Have at it. Rant away. I am on my 3rd home mixer in well less than 10 years, which is somewhat embarassing, and I can tell it's nearly time to start looking again. Once a long long time ago, I had a Hobart that was a workhorse, and another time had a first gen Breville that was too small but held up better than expected (though a subsequent model did not.) But I keep going back to a Kitchenaid, because I would love to have just one sturdy all-around mixer that is as good for meringue as it is for breads. I am starting to think I should have had two mixers all along.
I’m tempted to get a Braun. I have a 20 year old 6 qt Pro KA and it struggles with well hydrated dough.
Looking forward to the rant. I left my KitchenAid for an Ank ... but it too has its problems. Still in search of the perfect mixer.
I'd be curious to know when or what model Kitchen Aid started saying that. Everyone I know with a 30 or 40 year old Kitchen Aid is happy with them but everyone with a newer one struggles. With bread at least. I had a frustrating time with a 6 qt Pro trying to make 2-3 loaves at a time. I bought an Ankarsrum and never looked back. Despite the conventional wisdom that there's a steep learning curve with an Ank, mine only lasted one afternoon.

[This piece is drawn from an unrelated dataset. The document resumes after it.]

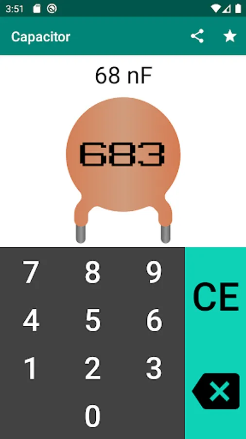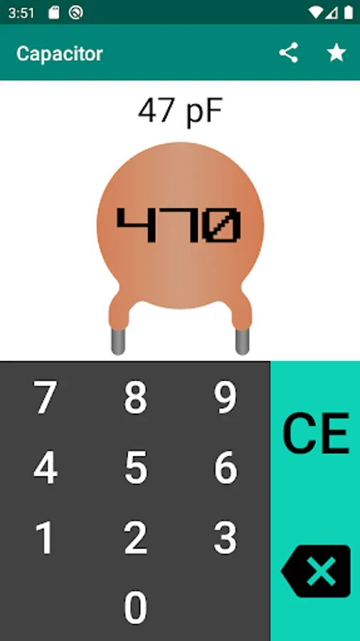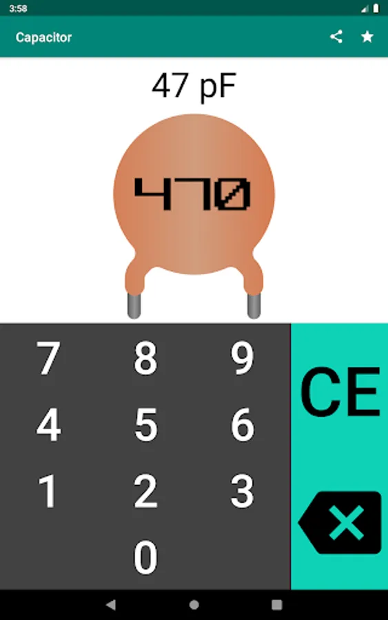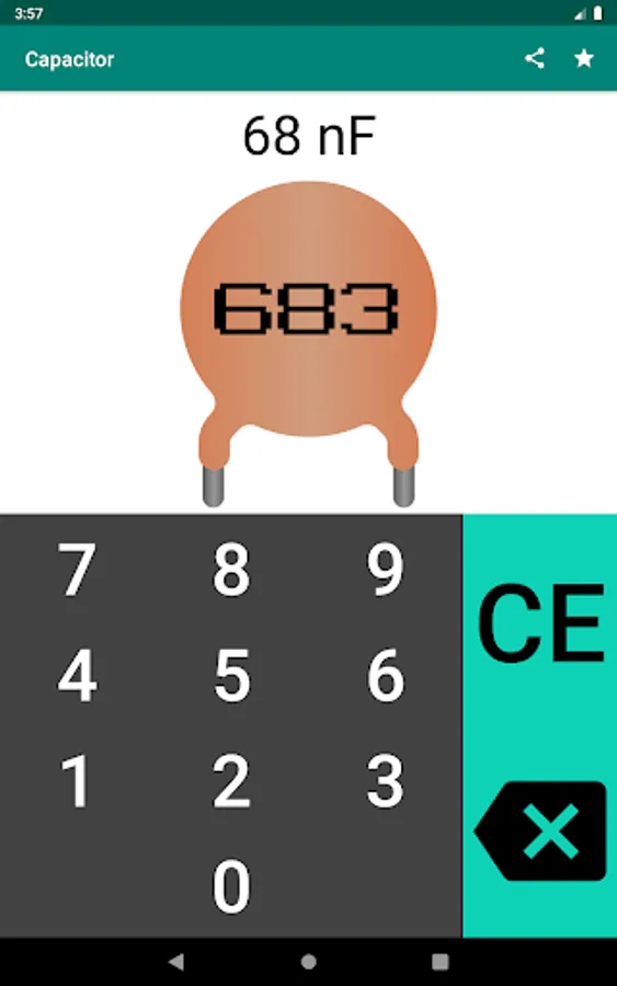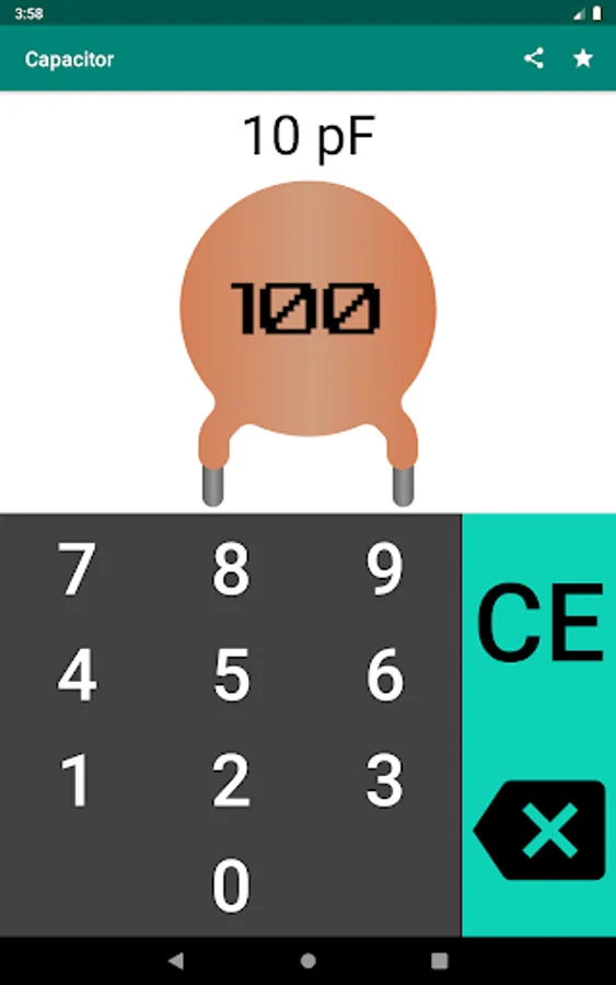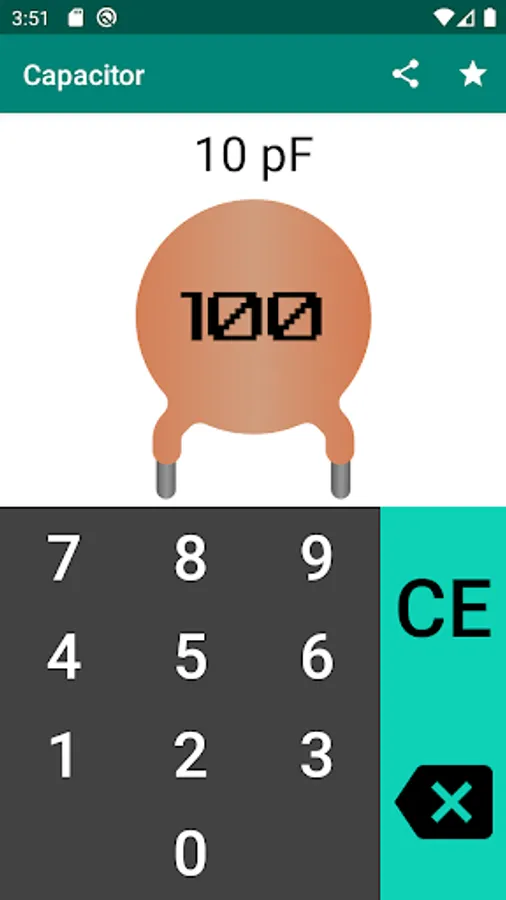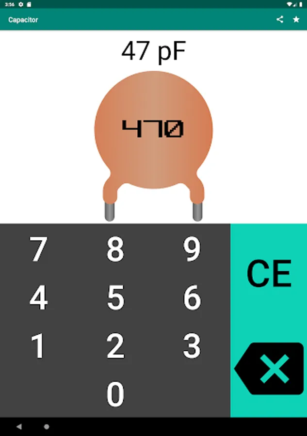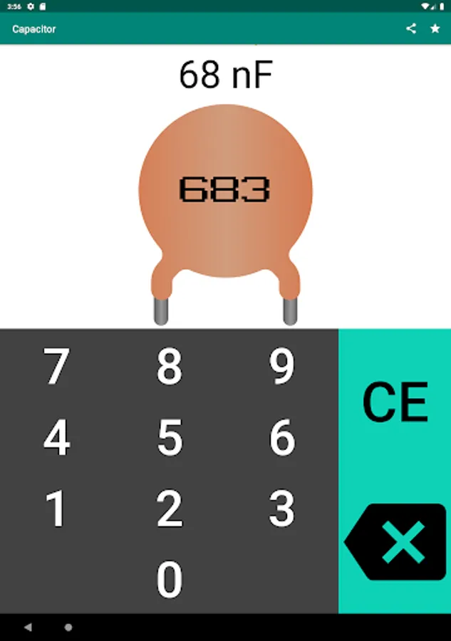 The application is an easy-to-use capacitor code calculator for calculating the capacitance of a capacitor.

Thanks for this information. I have a Kitchen Aide that has to be over 30 years old. I agree with why can't things be made that will last. I don't want to continue buying appliances that should last and disappoint.
Honestly, I never do dough in the mixer anymore, since I went low-knead (I call it the Dan Lepard approach because I learned it from him). I now have a 1970s avocado Kitchenaid that I inherited from my grandma and it's only for cake and cookies.